Yom HaShoah speaks very loudly. I can hear it over the cacophany of distractions that wrack my brain. Unlike Yom HaKippurim, on which I must fast in order to sense the gravity, Yom HaShoah displays this gravity by hurtling me towards the ground, even while I eat and drink. It is a closed book to me. It lies beyond the pale of my analytic thought. It stabs my mind and lays waste my human senses. Yom HaShoah appraises me. Yom HaShoah judges me. And every year, I am left wondering if I have been found worthy. Am I worthy of the city in which I was born, the choices that I have been given, the lifestyle that I am blessed in being able to have? When it could have been me, but for the accident of birth, who was led like a slave to an ocean of crimson.

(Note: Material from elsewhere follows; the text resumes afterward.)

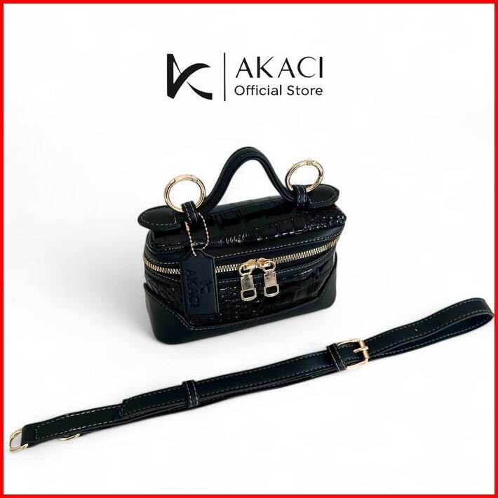 Tas Selempang Wanita Grace Akaci Hand Bag 10-8371 Bahan Croco Glossy 1 Ruang Tas Mini Muat Hp Lucu Elegan Mewah Murah Be

The survivers of the world that went insane were few. My grandmother and my grandfather, his siblings and their spouses. My great-grandmother, too, survived, and lived in Australia until the death that Hitler sought for her found natural means of claiming its prize. My mother, when she was four, moved here after the Hungarian revolution. They are all survivors. But the others - all the others - were not. Their missing siblings, cousins, aunts and uncles… their friends, their lovers, jobs and lives. It is all gone, swallowed up into a great black pit where nothing ever can sprout weed. A tragedy of “Biblical proportions”, and yet a tragedy that surpasses even the imagination of the Bible’s authors. And there is nothing that could ever encourage me to visit the location of their loss.

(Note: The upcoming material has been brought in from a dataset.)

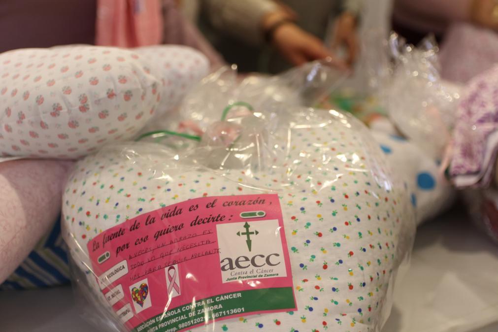 La Asociación Española Contra el Cáncer otorga unos cojines en forma de corazón para las personas enfermes de cáncer de mama, para que se lo puedan poner bajo el brazo.

The leader of the Catholic Church arrives in a couple of months. Undoubtely, he will pay lip-service to Australia’s Jewish community. He will reiterate statements earlier ratified that the Jewish wait for a messiah is “valid” and that Jews and Catholics may work better in future, as friends and as partners. I appreciate his sentiments, and I believe that the steps that he is taking are positive steps, for both of our peoples. But do not speak to me of friends and partners. We do not want anything from you other than for you to give back what you stole from us.
You cannot return the lives of those you cruelly snatched away from us; give us back their books. When the precious literary artefacts are returned to their rightful owners, then we will be friends. Until then, Holy Father: you are my enemy.